Economists like Adam Tooze have identified that we’re living in a period of interwoven and overlapping challenges—environmental, political, economic, and geopolitical. Added to this are technological acceleration and algorithms that take advantage of our innate human weaknesses. 

It has become clear that the way to build a bright future for humanity is by developing a new definition of value that focuses on regeneration rather than exploitation. 

For customer experience, this means designing customer exchanges that are at the service of more fulfilling or useful interactions with our organisation or product. 

This could look like enhancing the onboarding experience for users or cutting down the wait time for repeat customer prescriptions.

Use technology to tell stories

One of the biggest challenges faced by any organisation today is how to turn information into knowledge. While investing in a customer engagement and experience stack is essential, what matters more is how we use that technology.

AI is a powerful tool that can help organise and visualise a deluge of data that we can then turn into actionable plans, but the ability to develop powerful narratives from our data, and the creativity and experience to deliver those stories as catalysts for actions, outcomes and connections is more important than ever.
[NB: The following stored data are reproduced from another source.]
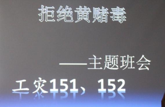 2016年3月23日星期三晚上7点半,资源与环境工程学院工灾151、152班全体同学及班主任辅导员老师在学工部三楼师生服务大厅举行了《拒绝黄赌毒》的主题班会。
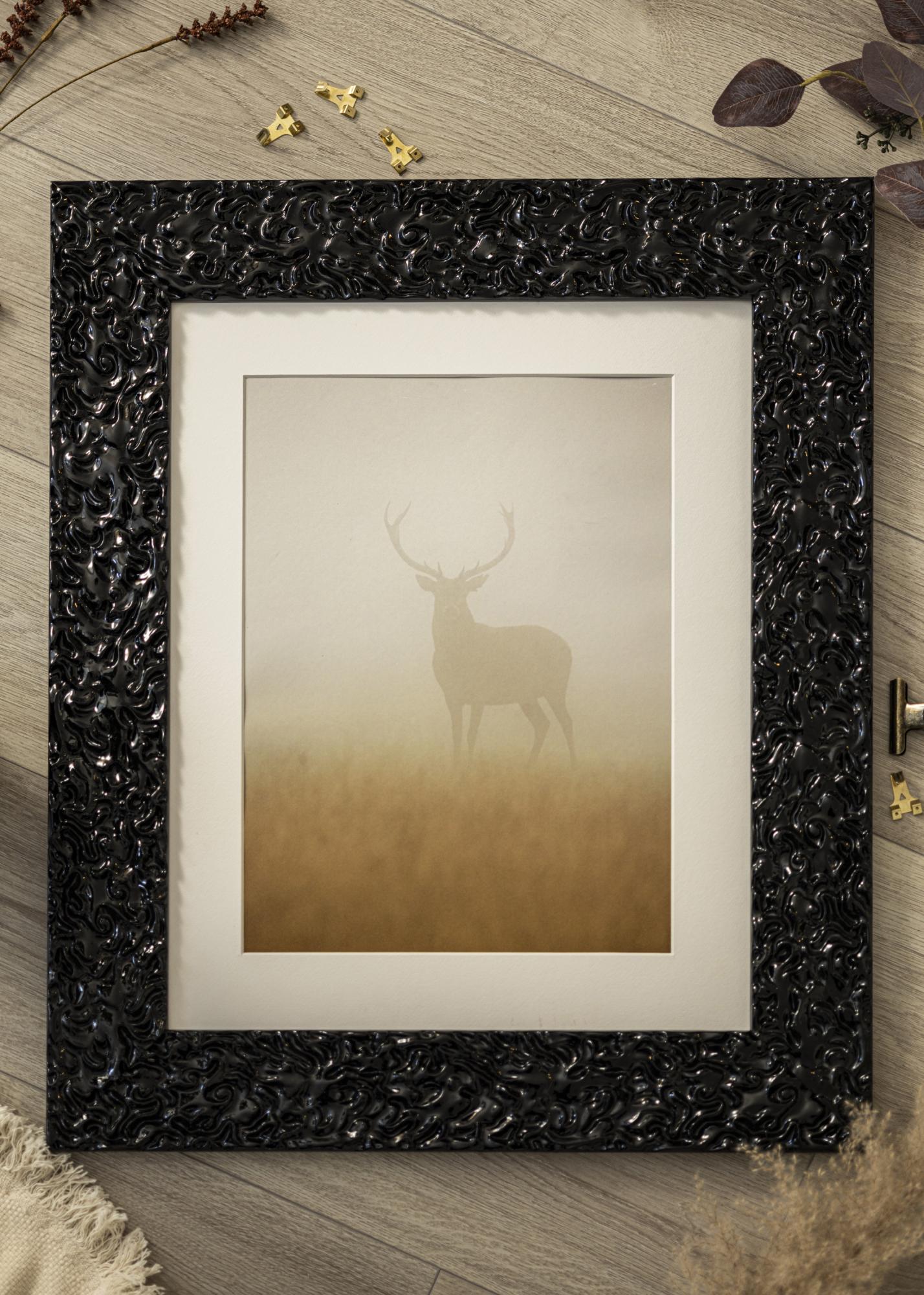 Esta moldura é feita de pinho, o que proporciona uma sensação durável e de qualidade. O padrão orgânico na superfície acrescenta um toque moderno, enquanto o acabamento brilhante confere uma impressão luxuosa. Moldura Westminster Preto é perfeita para quem procura uma moldura atraente que combina inspiração clássica com uma sensação contemporânea.
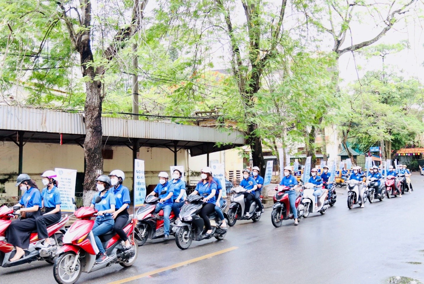 Các đoàn cổ động, diễu hành gồm 01 ô tô và 30 xe máy được trang trí chạy trên các tuyến đường theo lộ trình: BHXH Thành phố – đường Đinh Tiên Hoàng – đường Quang Trung – đường Trần Nguyên Hãn – đường Tô Hiệu – đường Hồ Sen mới – Cầu Vượt Nguyên Văn Linh (quay đầu) – đường Hồ Sen mới – đường Tô Hiệu – đường Lạch Tray – Cầu Rào (quay đầu) – đường Lạch Tray – Cầu Đất – Trần Phú – Minh Khai – Trần Quang Khải – Hoàng Văn Thụ – BHXH Thành phố.
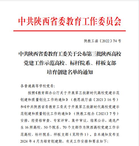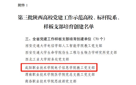 近日,中共陕西省委教育工委公布了《第三批陕西高公司党建工作示范高校、标杆院系、样板支部培育创建名单的通知》,电子信息公司教工党支部入选全省党建工作样板支部培育创建单位。

When I think about customer experience, I think about it in its broad brand sense, which is how customers interact with and perceive a brand. 
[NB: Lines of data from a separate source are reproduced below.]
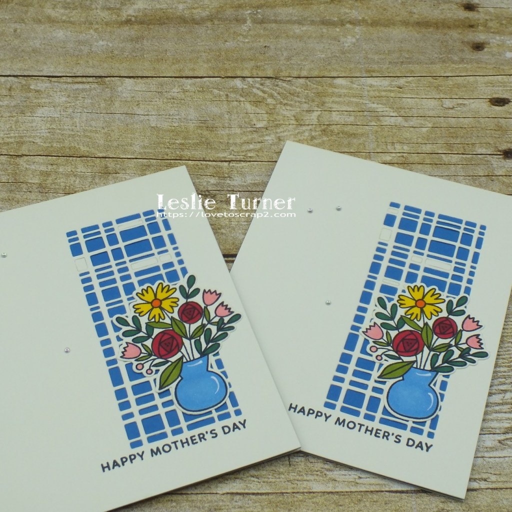 I cut a standard A2 top-folding card base from Neenah Classic Crest Baronial Ivory 80# cardstock and ran the bases through the Big Shot with one of the dies from the Sizzix Festive Repeat Thinlits set, leaving a few of the tiny bits in the apertures (as I did with the Mother’s Day Wreath card) for a little interest. I backed the apertures with a panel of blue cardstock and added a stamped, colored and die cut vase of flowers from the Pretty Pink Posh Mother’s Day stamp set to each card front. I stamped the sentiment in black ink and added a few tiny iridescent gemstones to finish off the card fronts.
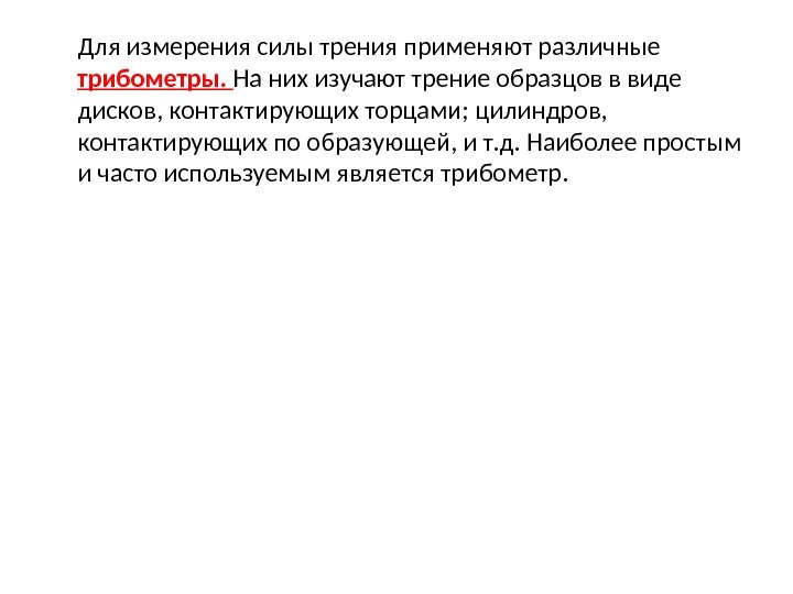 Для измерения силы трения применяют различные трибометры. На них изучают трение образцов в виде дисков, контактирующих торцами; цилиндров, контактирующих по образующей, и т. д. Наиболее простым и часто используемым является трибометр.
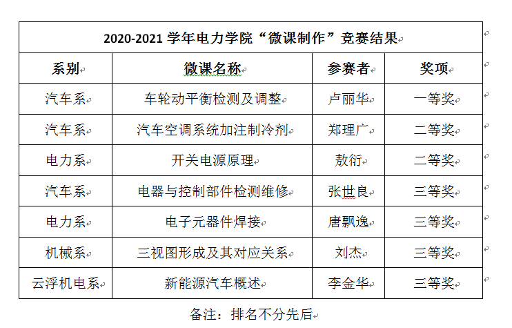 2020-2021學年電力與智能制造學院“微課制作”競賽于2021年6月28日結(jié)束,各系選送的7名老師參加了本次比賽。本次比賽由王秀敏院長、程良鴻教授、孫學雁教授、張志友教授、吳艷蘊副教授等組成評委組,對賽事進行了嚴謹?shù)脑u審工作。最終確定對本次的“微課制作”競賽結(jié)果公布如下:
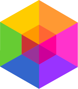 색이 다른 삼각형들로 이루어진 정육각형 형태의 심볼은
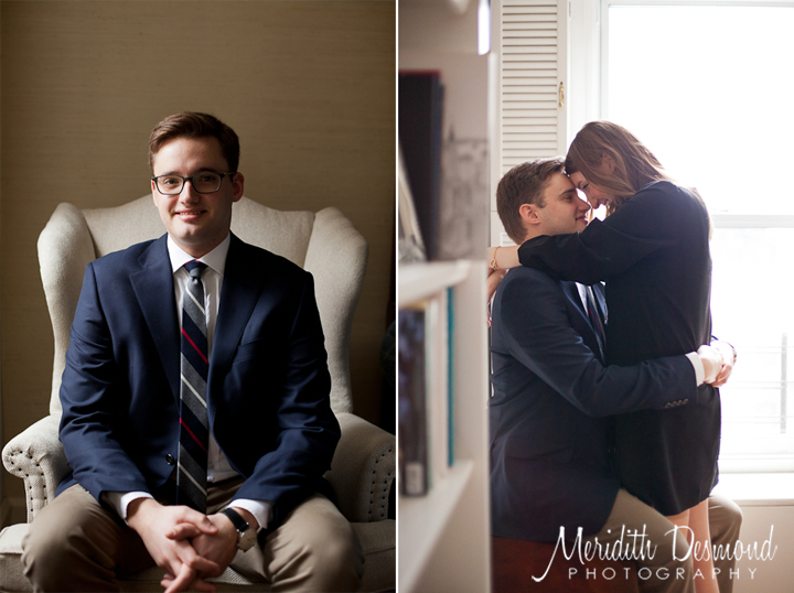 Since there was some snow on the group we starting the morning staying warm and them cozying up together inside Andrew’s apartment. The window lighting was beautiful and we made use of the classic colors and furniture throughout his space.
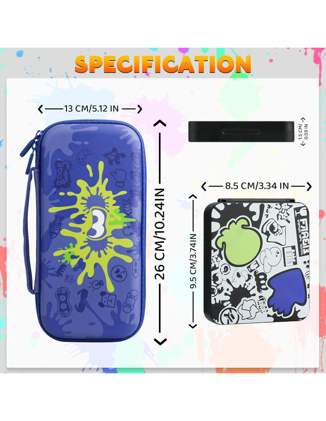 - Puedes Obtener Kit de Accesorios Temáticos para Splatoon 3, 1 x Funda de Transporte; 1 x Funda de Juego; 2 x Tapas de Agarre para Pulgar; y servicio al cliente amigable a largo plazo. Si tienes alguna pregunta, no dudes en contactarnos.
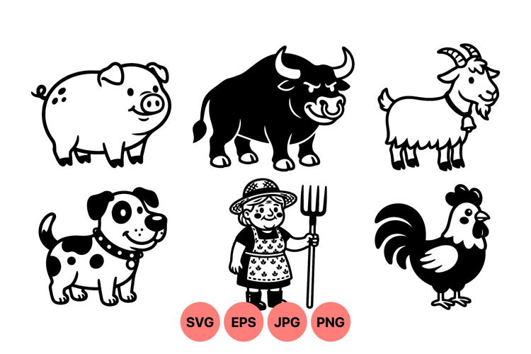 Hand Drawn Farm Animal Clipart SVG example image 1
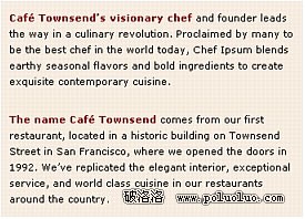 當您將樣式表附加到 Web 頁面中時,在樣式表中定義的規則將應用到頁面上的相應元素。例如,當您將 cafe_townsend.css 樣式表附加到 index.html 頁時,將根據您定義的 CSS 規則設置所有段落文本(用 HTML 代碼中的標簽設置格式的文本)的格式。
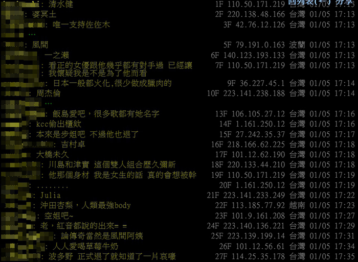 網友紛紛表示「沖田杏梨,人類最強body。」、「我講個冷門的,夏目娜娜。」、「吉村卓。」、「唯一支持佐佐木。」、「飯島愛吧,很多歌都有她名字」、「本來是步姐吧,不過她也退了」、「波多野,正式退了就知道了一片哀嚎」、「論傳奇當然是風間阿姨」、「 沒人推汁波蜜?」,還有網友歪樓到男優,「清水健,看證的女優跟他幾乎都有對手過,已經讓我懷疑我是不是為了他而看。」
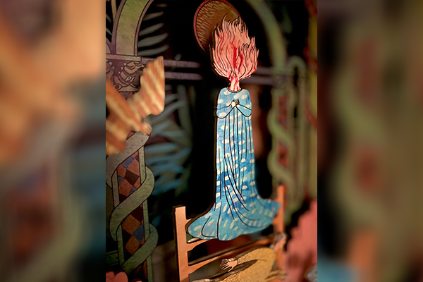 The exhibition is a harmonious blend of Ruchi’s dreamlike world and Sanjeev’s architectural installations. Inspired by folklore, totems, and mystical diagrams, Ruchi’s artwork features play and motion as dominant elements. Sanjeev’s installations, on the other hand, reimagine colonial-era buildings as whimsical, functional sculptures.

The latter includes the full customer journey, customer contact points, and customer insight and feedback. In this way, customer experience is not only the domain of a department, but it becomes part of the whole company’s scorecard. 

From this viewpoint, customer experience can become the competitive strategy, rather than a component of it, or the focus of one department. 

We have more tools than ever at our disposal to do this, but we also need to foster the right human-centred behaviour and mindset to allow us to be at the service of humanity.